Available data:
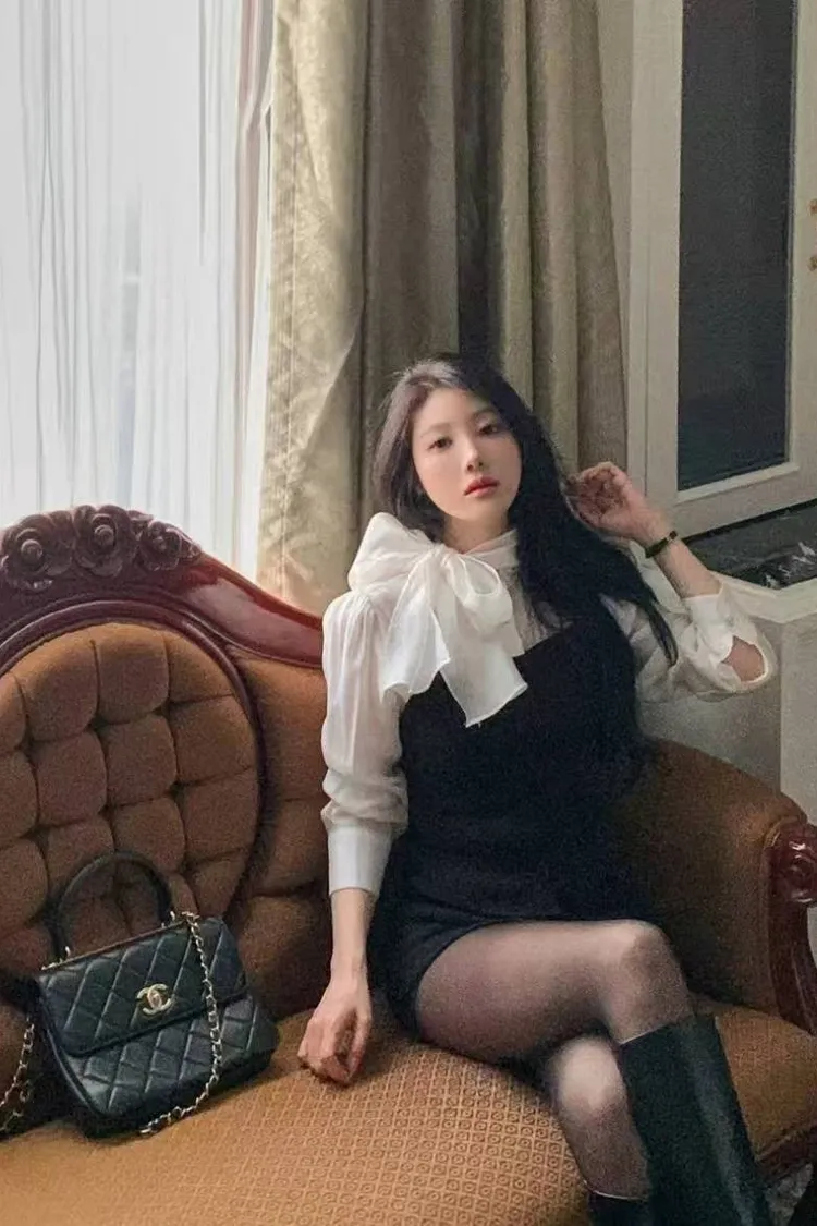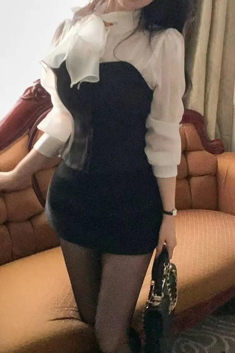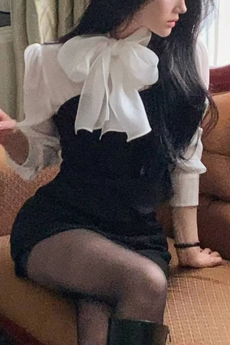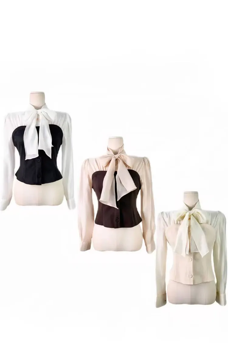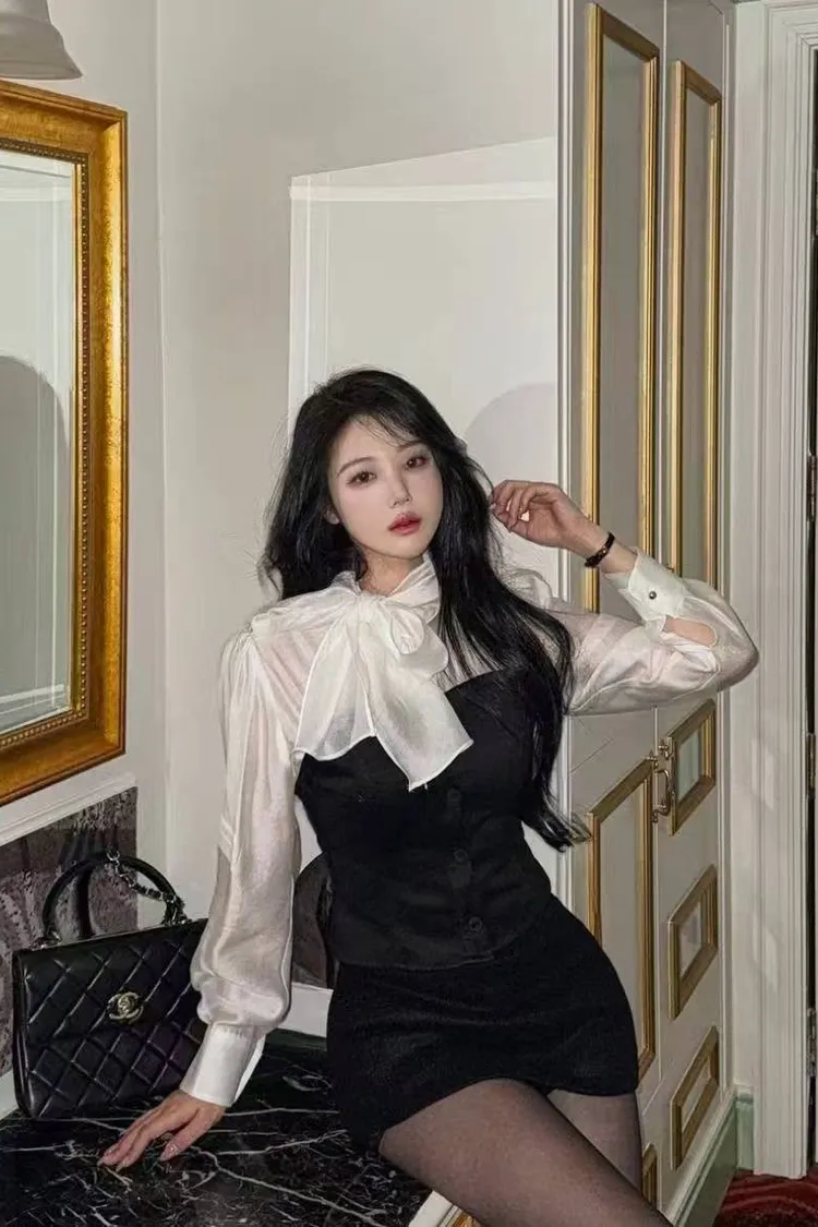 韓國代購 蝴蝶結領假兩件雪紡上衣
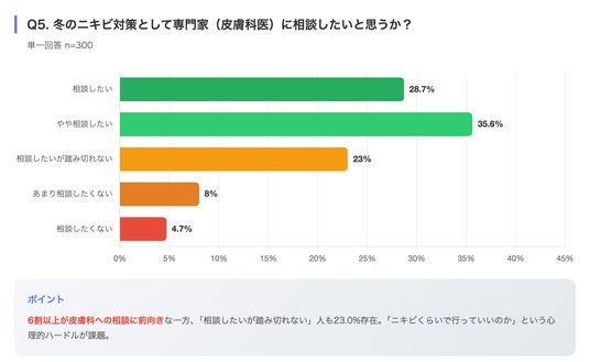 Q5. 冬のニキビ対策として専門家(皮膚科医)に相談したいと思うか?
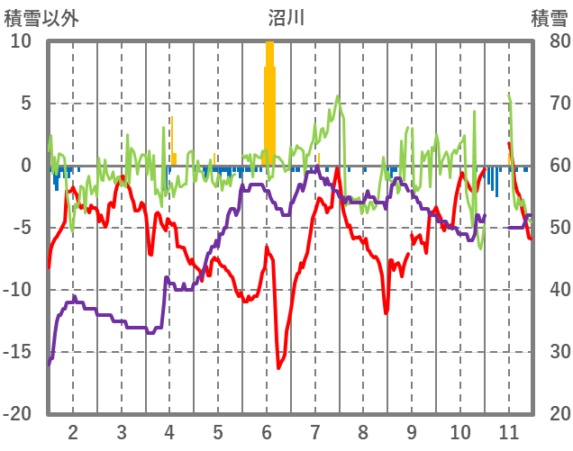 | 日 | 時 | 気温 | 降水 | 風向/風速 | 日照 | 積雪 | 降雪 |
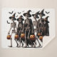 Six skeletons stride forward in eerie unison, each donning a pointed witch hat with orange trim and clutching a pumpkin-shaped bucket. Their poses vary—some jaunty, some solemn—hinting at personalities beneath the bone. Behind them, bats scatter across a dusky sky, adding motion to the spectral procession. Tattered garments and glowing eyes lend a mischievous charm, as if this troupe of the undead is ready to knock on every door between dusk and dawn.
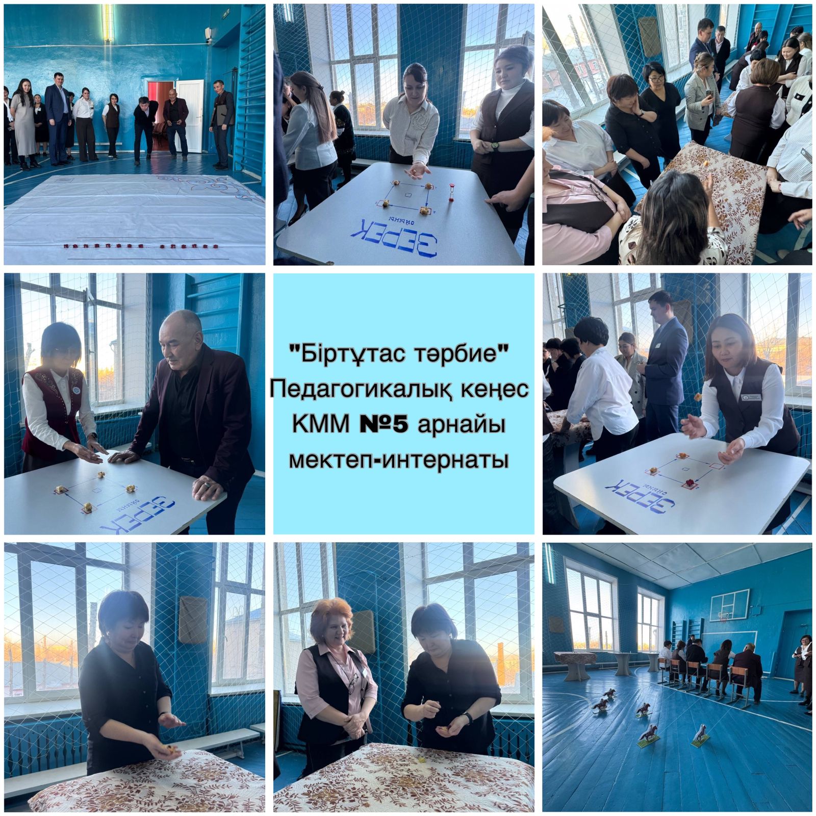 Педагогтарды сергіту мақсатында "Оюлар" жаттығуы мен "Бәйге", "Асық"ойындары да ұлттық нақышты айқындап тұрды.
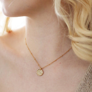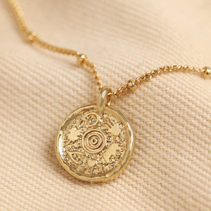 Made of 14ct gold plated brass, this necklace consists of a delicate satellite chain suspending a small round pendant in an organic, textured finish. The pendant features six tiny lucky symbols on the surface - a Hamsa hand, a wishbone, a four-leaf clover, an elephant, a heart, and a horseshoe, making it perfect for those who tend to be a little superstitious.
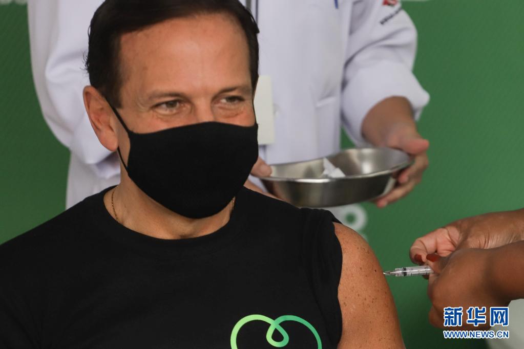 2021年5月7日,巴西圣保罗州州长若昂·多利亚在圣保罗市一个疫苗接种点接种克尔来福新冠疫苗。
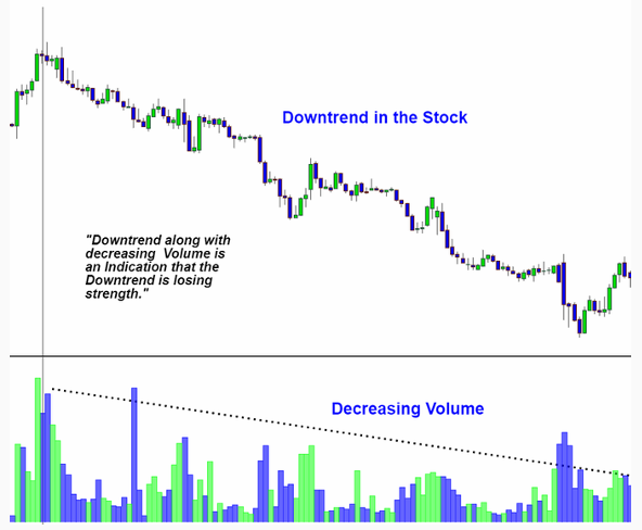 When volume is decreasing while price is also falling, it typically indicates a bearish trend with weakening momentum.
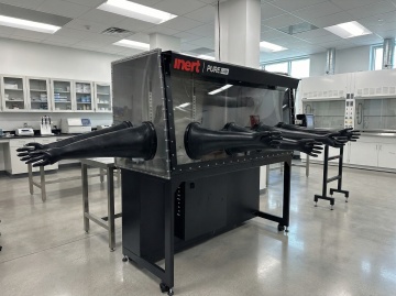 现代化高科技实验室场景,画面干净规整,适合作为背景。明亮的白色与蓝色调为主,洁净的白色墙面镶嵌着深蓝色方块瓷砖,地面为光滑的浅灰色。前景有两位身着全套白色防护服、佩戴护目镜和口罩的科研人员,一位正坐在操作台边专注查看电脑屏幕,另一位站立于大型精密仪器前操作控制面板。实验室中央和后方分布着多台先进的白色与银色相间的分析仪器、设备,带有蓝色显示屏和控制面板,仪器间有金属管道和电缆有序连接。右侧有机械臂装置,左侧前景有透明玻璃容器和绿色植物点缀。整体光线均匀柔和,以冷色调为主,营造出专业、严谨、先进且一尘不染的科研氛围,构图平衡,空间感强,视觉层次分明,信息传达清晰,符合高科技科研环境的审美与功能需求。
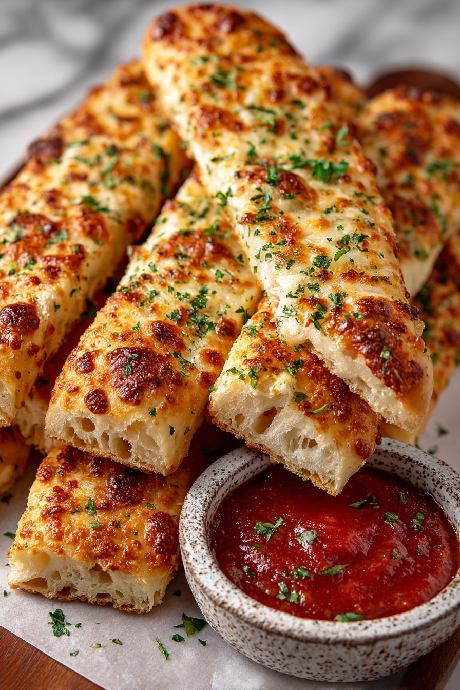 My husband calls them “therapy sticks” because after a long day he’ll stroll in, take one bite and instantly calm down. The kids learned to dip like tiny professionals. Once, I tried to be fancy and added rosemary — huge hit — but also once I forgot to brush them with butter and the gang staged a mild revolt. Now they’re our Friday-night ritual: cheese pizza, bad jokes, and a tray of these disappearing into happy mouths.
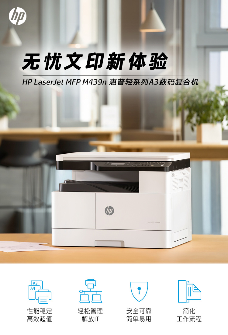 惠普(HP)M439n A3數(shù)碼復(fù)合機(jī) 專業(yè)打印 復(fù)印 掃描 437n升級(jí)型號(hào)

Task directions:
Copy word for word each line of the data above, from the first through the one containing "日照 | 積雪 | 降雪 |", and include no pictures.

Written solution:
 韓國代購 蝴蝶結領假兩件雪紡上衣
 Q5. 冬のニキビ対策として専門家(皮膚科医)に相談したいと思うか?
 | 日 | 時 | 気温 | 降水 | 風向/風速 | 日照 | 積雪 | 降雪 |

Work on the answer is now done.